- _Source information_
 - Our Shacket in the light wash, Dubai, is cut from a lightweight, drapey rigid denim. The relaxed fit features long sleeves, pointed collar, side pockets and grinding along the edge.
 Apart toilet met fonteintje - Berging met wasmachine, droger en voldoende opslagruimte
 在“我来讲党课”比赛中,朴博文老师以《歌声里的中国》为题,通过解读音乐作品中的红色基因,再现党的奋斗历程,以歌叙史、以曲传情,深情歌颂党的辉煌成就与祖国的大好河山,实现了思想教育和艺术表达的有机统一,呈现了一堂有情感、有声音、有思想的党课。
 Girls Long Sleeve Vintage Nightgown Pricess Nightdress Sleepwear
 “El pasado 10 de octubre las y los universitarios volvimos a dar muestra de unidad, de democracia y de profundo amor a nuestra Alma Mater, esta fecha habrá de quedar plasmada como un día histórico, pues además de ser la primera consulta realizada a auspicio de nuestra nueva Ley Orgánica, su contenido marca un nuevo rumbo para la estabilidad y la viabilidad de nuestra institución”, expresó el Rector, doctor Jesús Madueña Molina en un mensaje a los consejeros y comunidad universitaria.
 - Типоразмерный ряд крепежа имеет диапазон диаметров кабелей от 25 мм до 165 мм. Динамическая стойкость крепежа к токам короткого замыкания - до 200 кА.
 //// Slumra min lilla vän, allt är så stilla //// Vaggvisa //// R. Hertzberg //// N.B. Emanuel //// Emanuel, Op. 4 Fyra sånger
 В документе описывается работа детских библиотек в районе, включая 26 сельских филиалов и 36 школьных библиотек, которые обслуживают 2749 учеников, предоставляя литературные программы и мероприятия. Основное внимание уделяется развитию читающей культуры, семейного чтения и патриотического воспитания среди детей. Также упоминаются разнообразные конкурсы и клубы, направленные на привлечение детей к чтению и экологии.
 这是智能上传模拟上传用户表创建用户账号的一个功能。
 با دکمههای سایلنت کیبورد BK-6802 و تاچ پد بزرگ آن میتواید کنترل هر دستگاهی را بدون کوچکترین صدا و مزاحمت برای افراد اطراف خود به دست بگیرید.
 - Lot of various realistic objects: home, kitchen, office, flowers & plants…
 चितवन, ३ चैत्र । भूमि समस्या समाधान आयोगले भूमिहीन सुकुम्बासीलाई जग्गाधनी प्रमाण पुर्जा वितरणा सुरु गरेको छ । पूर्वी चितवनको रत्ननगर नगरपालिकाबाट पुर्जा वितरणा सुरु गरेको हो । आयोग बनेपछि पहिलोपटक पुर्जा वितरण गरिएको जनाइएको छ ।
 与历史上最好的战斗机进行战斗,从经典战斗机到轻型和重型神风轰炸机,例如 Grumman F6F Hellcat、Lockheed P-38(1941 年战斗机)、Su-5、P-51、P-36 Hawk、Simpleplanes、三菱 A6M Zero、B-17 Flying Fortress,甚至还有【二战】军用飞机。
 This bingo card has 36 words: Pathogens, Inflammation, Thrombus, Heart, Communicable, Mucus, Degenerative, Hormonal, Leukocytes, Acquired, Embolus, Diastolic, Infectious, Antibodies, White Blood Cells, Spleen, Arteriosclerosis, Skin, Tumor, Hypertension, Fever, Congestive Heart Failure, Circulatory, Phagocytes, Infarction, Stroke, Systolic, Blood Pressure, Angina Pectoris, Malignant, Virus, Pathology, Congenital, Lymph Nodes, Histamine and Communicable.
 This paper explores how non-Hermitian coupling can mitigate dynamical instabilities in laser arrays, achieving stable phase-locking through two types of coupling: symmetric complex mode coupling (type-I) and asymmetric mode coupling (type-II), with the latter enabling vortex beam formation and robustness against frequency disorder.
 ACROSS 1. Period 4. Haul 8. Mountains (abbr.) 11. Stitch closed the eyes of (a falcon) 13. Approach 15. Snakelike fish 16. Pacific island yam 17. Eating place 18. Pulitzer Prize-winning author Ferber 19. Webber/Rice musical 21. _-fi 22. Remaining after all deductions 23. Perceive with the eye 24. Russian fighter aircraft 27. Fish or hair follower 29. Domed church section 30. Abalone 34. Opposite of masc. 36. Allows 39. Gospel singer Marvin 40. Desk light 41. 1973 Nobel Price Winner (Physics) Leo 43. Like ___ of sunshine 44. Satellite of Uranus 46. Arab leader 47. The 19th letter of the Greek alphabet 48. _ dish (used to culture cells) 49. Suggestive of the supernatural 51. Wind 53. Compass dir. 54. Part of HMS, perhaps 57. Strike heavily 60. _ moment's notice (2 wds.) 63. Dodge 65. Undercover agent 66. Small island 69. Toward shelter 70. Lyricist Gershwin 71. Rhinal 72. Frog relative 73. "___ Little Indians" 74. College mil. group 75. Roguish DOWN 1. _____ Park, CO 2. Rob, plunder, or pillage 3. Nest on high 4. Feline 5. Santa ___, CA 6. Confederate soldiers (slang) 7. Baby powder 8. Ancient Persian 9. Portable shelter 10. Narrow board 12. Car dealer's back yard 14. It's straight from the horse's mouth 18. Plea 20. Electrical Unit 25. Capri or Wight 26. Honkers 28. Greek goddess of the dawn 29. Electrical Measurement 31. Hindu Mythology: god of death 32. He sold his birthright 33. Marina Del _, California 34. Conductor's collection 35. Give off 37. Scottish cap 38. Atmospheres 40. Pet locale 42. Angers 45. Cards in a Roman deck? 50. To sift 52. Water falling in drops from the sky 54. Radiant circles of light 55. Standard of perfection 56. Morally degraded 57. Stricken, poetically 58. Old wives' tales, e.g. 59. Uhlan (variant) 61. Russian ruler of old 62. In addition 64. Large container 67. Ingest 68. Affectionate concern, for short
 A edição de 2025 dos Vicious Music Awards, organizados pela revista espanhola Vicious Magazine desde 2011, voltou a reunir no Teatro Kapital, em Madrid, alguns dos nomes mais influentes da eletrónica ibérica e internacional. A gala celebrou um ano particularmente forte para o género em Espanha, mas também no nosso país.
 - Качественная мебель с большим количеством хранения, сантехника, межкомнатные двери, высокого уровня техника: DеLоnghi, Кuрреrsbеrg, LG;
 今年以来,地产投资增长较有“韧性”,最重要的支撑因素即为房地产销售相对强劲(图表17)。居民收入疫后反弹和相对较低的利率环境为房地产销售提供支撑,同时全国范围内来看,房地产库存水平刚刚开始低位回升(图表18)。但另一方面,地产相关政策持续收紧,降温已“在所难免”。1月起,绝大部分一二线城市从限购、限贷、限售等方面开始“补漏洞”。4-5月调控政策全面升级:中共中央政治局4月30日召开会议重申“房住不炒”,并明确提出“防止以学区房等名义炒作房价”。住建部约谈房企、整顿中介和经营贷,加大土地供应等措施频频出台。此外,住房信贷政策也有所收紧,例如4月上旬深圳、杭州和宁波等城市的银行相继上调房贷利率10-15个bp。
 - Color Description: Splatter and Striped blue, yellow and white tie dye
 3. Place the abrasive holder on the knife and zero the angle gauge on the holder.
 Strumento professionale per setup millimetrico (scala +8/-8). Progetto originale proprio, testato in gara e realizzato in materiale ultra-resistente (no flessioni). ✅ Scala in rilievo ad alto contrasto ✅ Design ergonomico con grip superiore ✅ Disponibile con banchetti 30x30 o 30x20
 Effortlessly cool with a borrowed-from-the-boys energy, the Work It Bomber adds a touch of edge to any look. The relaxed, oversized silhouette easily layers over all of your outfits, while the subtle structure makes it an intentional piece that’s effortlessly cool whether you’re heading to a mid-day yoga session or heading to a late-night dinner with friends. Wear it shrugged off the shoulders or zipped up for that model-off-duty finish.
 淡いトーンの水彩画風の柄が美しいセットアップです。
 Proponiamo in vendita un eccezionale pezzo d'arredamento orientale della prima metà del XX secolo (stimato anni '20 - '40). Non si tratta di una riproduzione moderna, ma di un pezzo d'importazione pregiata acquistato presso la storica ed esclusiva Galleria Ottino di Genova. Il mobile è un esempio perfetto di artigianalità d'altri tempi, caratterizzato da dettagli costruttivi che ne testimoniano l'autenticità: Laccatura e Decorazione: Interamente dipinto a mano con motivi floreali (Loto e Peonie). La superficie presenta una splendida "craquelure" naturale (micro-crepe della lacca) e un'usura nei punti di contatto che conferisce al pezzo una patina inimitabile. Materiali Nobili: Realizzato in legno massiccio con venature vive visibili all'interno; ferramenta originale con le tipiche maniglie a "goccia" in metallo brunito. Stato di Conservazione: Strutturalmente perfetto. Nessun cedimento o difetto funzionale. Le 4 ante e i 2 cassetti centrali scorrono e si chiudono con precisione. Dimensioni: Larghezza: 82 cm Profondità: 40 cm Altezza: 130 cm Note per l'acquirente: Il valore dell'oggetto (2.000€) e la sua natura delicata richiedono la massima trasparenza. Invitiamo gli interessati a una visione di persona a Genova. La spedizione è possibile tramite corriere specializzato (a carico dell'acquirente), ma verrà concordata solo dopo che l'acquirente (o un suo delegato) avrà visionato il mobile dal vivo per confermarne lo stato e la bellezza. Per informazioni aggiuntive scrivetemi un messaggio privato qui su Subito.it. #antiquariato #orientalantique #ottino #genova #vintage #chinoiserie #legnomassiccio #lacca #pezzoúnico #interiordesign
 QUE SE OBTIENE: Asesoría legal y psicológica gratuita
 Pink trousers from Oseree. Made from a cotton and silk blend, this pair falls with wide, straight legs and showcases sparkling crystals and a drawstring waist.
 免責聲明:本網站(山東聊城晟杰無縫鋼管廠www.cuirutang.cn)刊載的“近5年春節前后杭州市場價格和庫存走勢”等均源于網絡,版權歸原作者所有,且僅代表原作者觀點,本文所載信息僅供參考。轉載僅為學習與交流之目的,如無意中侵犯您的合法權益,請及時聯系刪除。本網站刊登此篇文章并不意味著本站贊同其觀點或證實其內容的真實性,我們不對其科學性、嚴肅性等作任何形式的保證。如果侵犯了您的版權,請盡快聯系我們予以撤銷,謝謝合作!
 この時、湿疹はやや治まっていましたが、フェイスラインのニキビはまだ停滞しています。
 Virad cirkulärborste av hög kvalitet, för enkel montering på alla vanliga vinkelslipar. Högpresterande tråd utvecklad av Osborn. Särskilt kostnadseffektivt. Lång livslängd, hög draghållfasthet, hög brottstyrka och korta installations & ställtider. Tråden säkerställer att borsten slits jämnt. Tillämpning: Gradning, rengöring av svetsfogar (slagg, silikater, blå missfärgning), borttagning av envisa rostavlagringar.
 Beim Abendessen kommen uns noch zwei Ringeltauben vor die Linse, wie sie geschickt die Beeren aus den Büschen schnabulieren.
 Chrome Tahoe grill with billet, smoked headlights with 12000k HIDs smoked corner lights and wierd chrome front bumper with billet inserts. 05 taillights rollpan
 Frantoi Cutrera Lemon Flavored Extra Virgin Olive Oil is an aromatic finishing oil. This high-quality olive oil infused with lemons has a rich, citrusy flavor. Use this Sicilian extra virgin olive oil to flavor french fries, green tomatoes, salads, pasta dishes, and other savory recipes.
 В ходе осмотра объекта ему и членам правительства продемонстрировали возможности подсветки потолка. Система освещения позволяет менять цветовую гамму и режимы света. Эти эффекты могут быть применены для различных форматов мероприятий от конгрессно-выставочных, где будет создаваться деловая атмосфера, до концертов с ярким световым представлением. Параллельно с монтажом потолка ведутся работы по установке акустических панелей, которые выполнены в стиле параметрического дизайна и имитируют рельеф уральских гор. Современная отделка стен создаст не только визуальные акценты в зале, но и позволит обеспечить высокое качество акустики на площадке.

- _Assignment_
Please copy, exactly and with nothing else, the lines above beginning at the line that has "Effortlessly cool with" and ending with the line that has "淡いトーンの水彩画風の柄が美しいセットアップです。".

- _Response to this exercise_
 Effortlessly cool with a borrowed-from-the-boys energy, the Work It Bomber adds a touch of edge to any look. The relaxed, oversized silhouette easily layers over all of your outfits, while the subtle structure makes it an intentional piece that’s effortlessly cool whether you’re heading to a mid-day yoga session or heading to a late-night dinner with friends. Wear it shrugged off the shoulders or zipped up for that model-off-duty finish.
 淡いトーンの水彩画風の柄が美しいセットアップです。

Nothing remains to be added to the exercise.